In a message from a burning building, in a call from a doomed airplane, the words were repeated again and again.

The second tower of the World Trade Center bursts into flames after being hit by a hijacked airplane in New York in this Sept. 11, 2001, file photo.  (CNS photo/Sara K. Schwittek, Reuters)
The second tower of the World Trade Center bursts into flames after being hit by a hijacked airplane in New York in this Sept. 11, 2001, file photo. (CNS photo/Sara K. Schwittek, Reuters)

It was a message from the point of death. It was a call from people engaged in workday lives who minutes before had no clue the ordinary morning hour would be their last.

The last words from the victims in the burning World Trade Center and the hijacked airplanes on Sept. 11 came from people whose lives had dwindled from abundant possibility to the imminent certainty of death.

The terrorism had focused their minds on essential things. They wanted to do one last thing with their life. They wanted to deliver a message.

“I love you,” they said.

They called their spouses. They called their parents. They called their children. They called their friends.

“I love you,” they said.

They didn’t ask, “Do you love me?”

They didn’t say, “Take care of the business.”

They didn’t scream, “Take revenge.”

Facing death, they reached out to give the gift of themselves.

They used their last moments to establish the most basic human contact.

“I love you.”

They were helpless. They were dying. They had a call to make. They got to the heart of the matter eloquently.

“I love you.”

In the face of their powerlessness, it wasn’t a cry for help. In the face of their death, it wasn’t a call for mercy.

“I love you” was their summation.

It’s difficult to imagine receiving such a tragic call. It’s harder to imagine discovering one on an answering machine. But the calls went out and the stunned recipients repeated the message they received to the media so the whole world could hear it.

“I love you.”

Consider the context: Fanatical terrorists plot a mass murder tha’s diabolical in the extreme. Hate is the incentive and death the goal that unleashes explosions strong enough to break the Pentagon, demolish a plane and collapse 220 stories of office towers into a mangled heap.

But what word emerges from the victims? What emotion survives the fireball?

Love.

It’s an old message. Two thousand years ago, for instance, the Son of God left his own message for us in that symbol of his love, the cross.

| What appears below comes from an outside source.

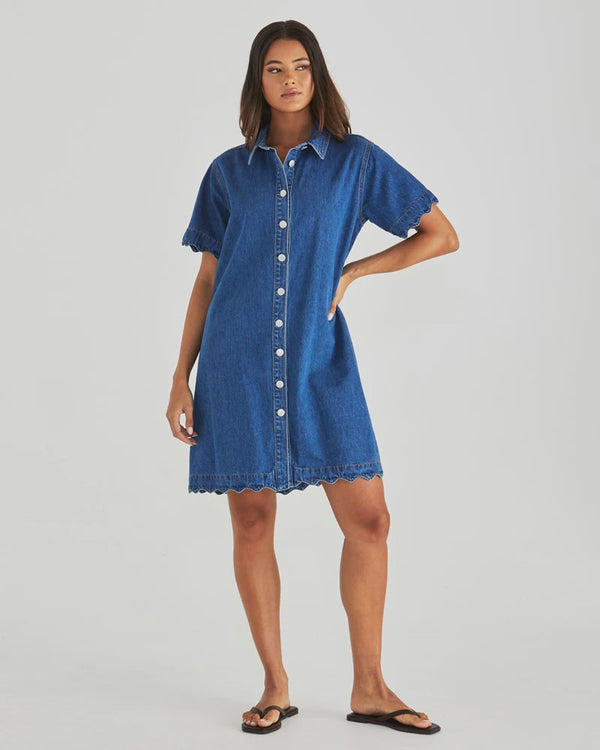With sweet scallop edging and soft denim, the Vale Dress is made for sunny days. Metal buttons and practical pockets keep it grounded, while the details give it that elevated edge.

“Love one another as I have loved you.”

To the point of death, to the point of his abject powerlessness on the cross, the Son of God was teaching us that we are all helpless in the finality of death, but from the saving grace of his death and resurrection we are called to love God and love our neighbor as we love ourselves.

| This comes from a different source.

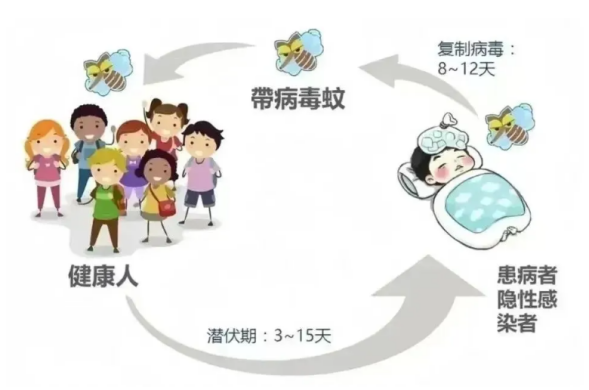 它通过“感染者→伊蚊→健康人”的途径不断传播,人与人之间不会直接传播。蚊子吸了感染者的血后,在体内复制病毒,下次咬人时把病毒传染出去。蚊子咬了感染者不会立即传播,要8~11天再叮咬才会传播。没有特定的易感人群,各年龄段人群普遍易感。

We are called to establish community with each other as God established community with us. We are called to love one another.

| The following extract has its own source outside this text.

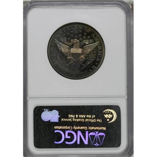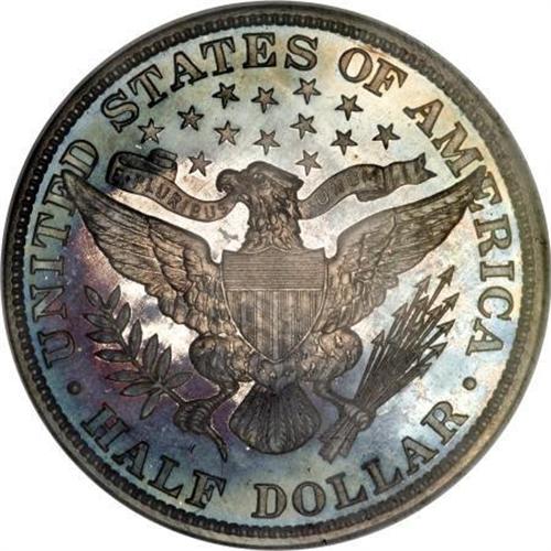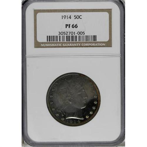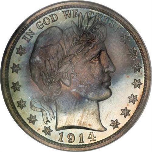 <B>1914 50C PR66 NGC.</B></I> The top half of the obverse is a luminous cloud of dove gray and lilac, while the lower half is a more electric sunset of gold and ruby. The reverse displays a similar blend of colors and both sides are well-preserved, highly reflective, and well struck. A 1914 Proof quarter that is offered in this auction is nearly a partner to this piece.<BR><BR><B>Coin Engraver:</B> Charles E. Barber<BR><BR><b>Shipping:</b> Coins & Currency (<a target="_blank" href="http://www.heritageauctions.com/common/shipping.php">view shipping information</a>)

That love can be a powerful solution to the challenges of our world. We love our neighbors, therefore we work for their well-being. We work for justice. We work for peace.

Love produces humility, not arrogance. Love teaches us to serve, not to dominate.

Love is the lesson.

Dialog Editor Joseph Ryan wrote the above commentary in September 2001, for The Catholic Standard and Times, the former newspaper of the Archdiocese of Philadelphia, where he was acting editor at the time.